SpaceX Falcon 9 launch from Cape Canaveral

CAPE CANAVERAL — SpaceX had already proven it could launch cargo to the International Space Station.

On Tuesday, the company achieved another milestone when its upgraded Falcon 9 rocket deployed its first commercial communications satellite into an orbit high above Earth, 33 minutes after a beautiful twilight liftoff from Cape Canaveral Air Force Station.

It was the third attempt in nine days to launch the broadcasting satellite for Luxembourg-based SES, one of the world’s largest satellite operators, but ultimately it signaled SpaceX’s readiness to take on a $2.4 billion market dominated by international competitors.

“The successful insertion of the SES-8 satellite confirms the upgraded Falcon 9 launch vehicle delivers to the industry’s highest performance standards,” SpaceX CEO Elon Musk said in a statement.

Earlier Tuesday, Musk had thanked SES for taking a chance on the Falcon 9, which had launched six times before but only once in its new configuration with more powerful engines and a 43-foot payload fairing.

About two-thirds of SpaceX’s 50 contracted launches are for commercial customers, but the Falcon 9 had not yet placed a large communications satellite more than 22,000 miles over the equator where many of them operate.

 

Martin Halliwell, the chief technology officer for SES, had said a successful mission would “shake the industry to its roots,” with other satellite operators and launch providers watching closely to see if SpaceX could deliver on its promise.

It did.

The 224-foot Falcon 9 rumbled off its Launch Complex 40 pad with 1.3 million pounds of thrust on time at 5:41 p.m.

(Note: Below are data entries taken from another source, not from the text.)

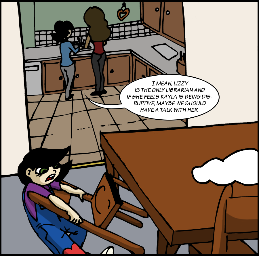 You know you’re in trouble when Kayla acts without speaking and disappears. Whatever she’s up to will eventually be disapproved of by her parental units. In this case, all four of them!
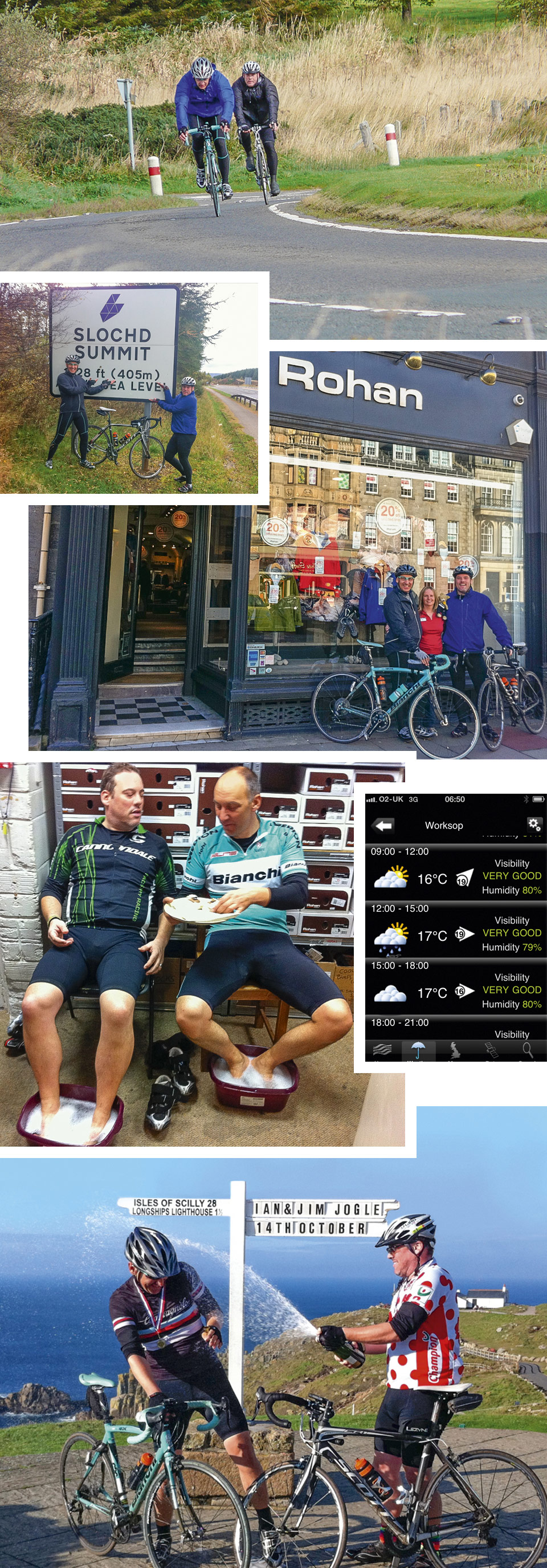 "We were supported all the way by a combination of people. My wife Andria supported us through Scotland and then again from Bristol to the finish. For the section between North East England and Bristol, three of the Rohan Area Managers gave their time. What this meant was that we only needed to carry a spare inner tube, some water and a coat, and that was it. We didn’t need panniers and we could use our road bikes without loading up with soft luggage and clutter.We did this purely for the adventure. We love riding our bikes and this was a great way of linking far-flung stores with a pretty adventurous road ride."
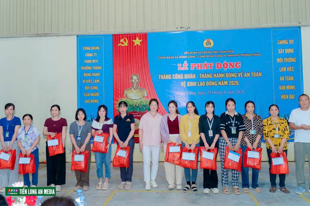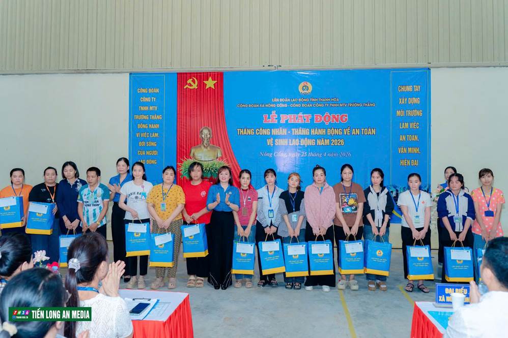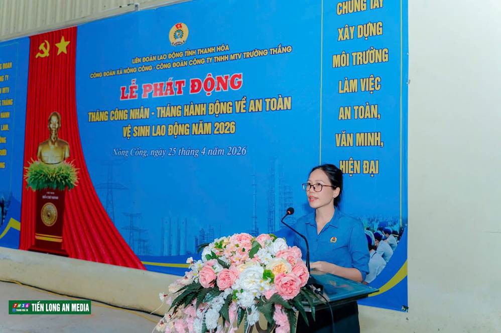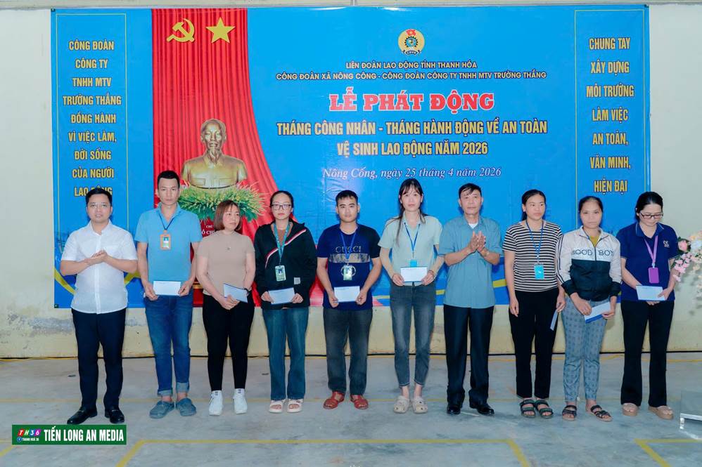 Chiều ngày 25/4/2026, tại Công ty TNHH MTV Trường Thắng, Công đoàn xã Nông Cống phối hợp với Công đoàn Công ty TNHH MTV Trường Thắng tổ chức Lễ phát động Tháng Công nhân và Tháng hành động Vệ sinh An toàn lao động năm 2026. Buổi lễ diễn ra trong không khí trang trọng, thiết thực, thu hút sự tham gia đông đảo của cán bộ, đoàn viên và công nhân lao động trong công ty
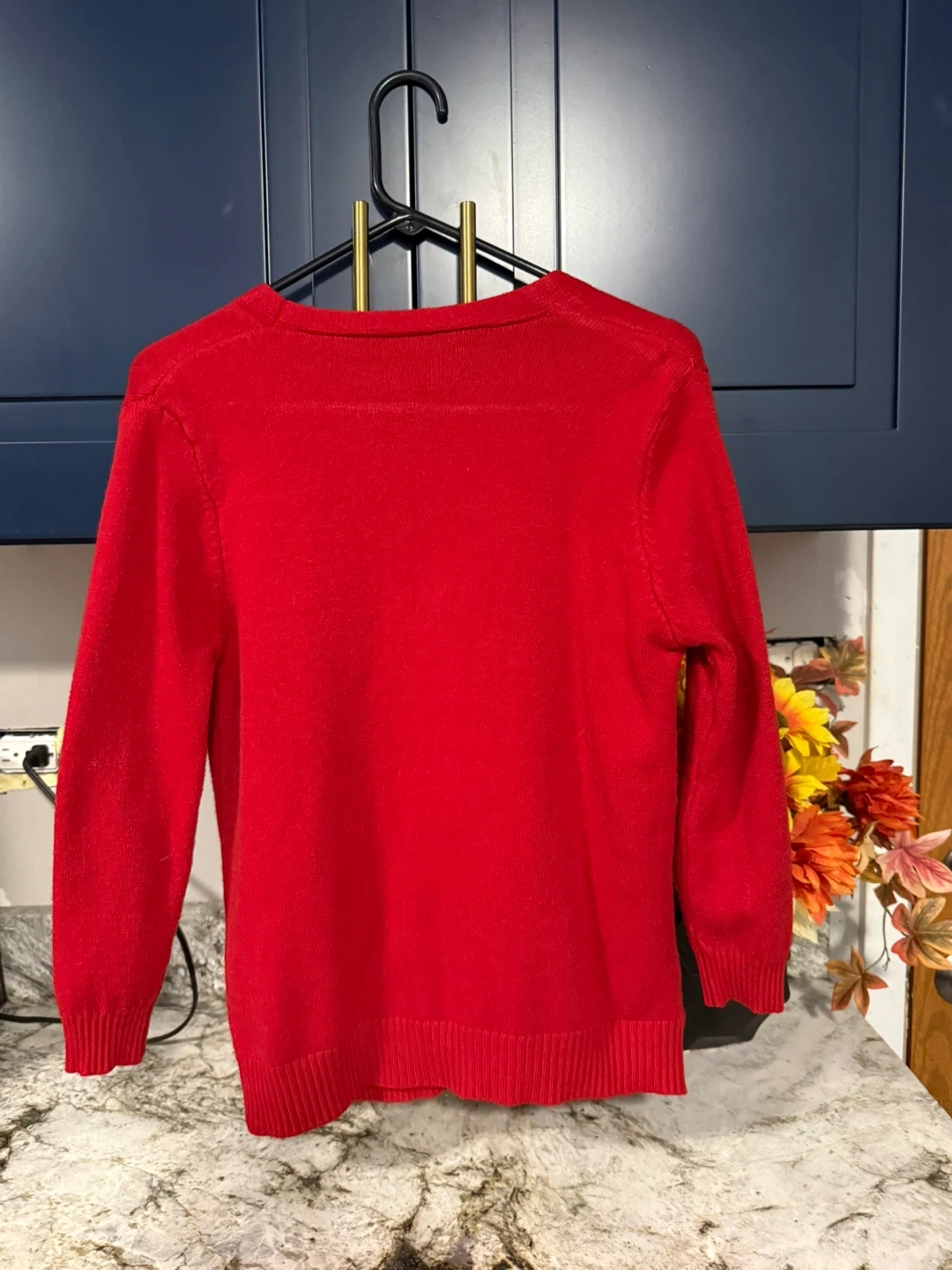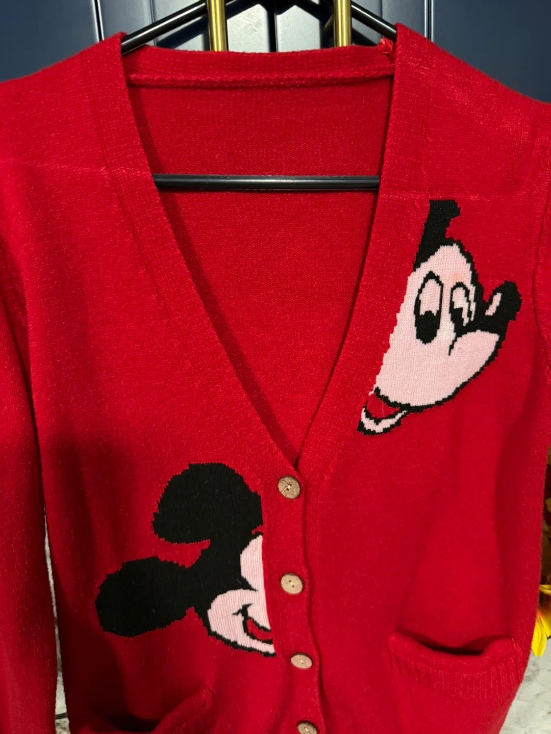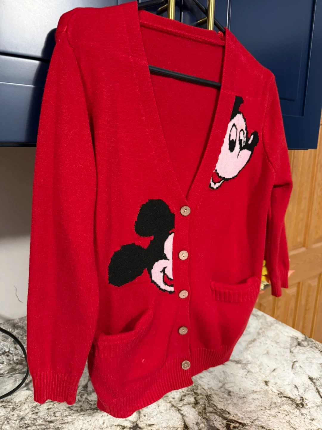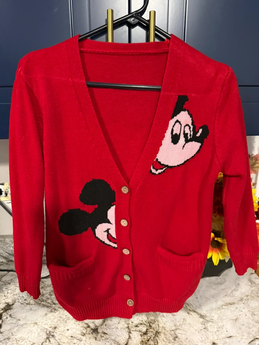 Here's a cute red cardigan with Mickey Mouse on it! It has a v-neck and buttons down the front

Technical problems had stalled two attempts last week, after which SpaceX cleaned and replaced some parts of the rocket’s nine first-stage Merlin 1D engines.

As the rocket climbed into clear skies, fading sunlight illuminated its twisting exhaust plume in orange and white, and the rocket appeared to leave a wake high above the Atlantic.

Observers could see the booster and payload fairing fall away.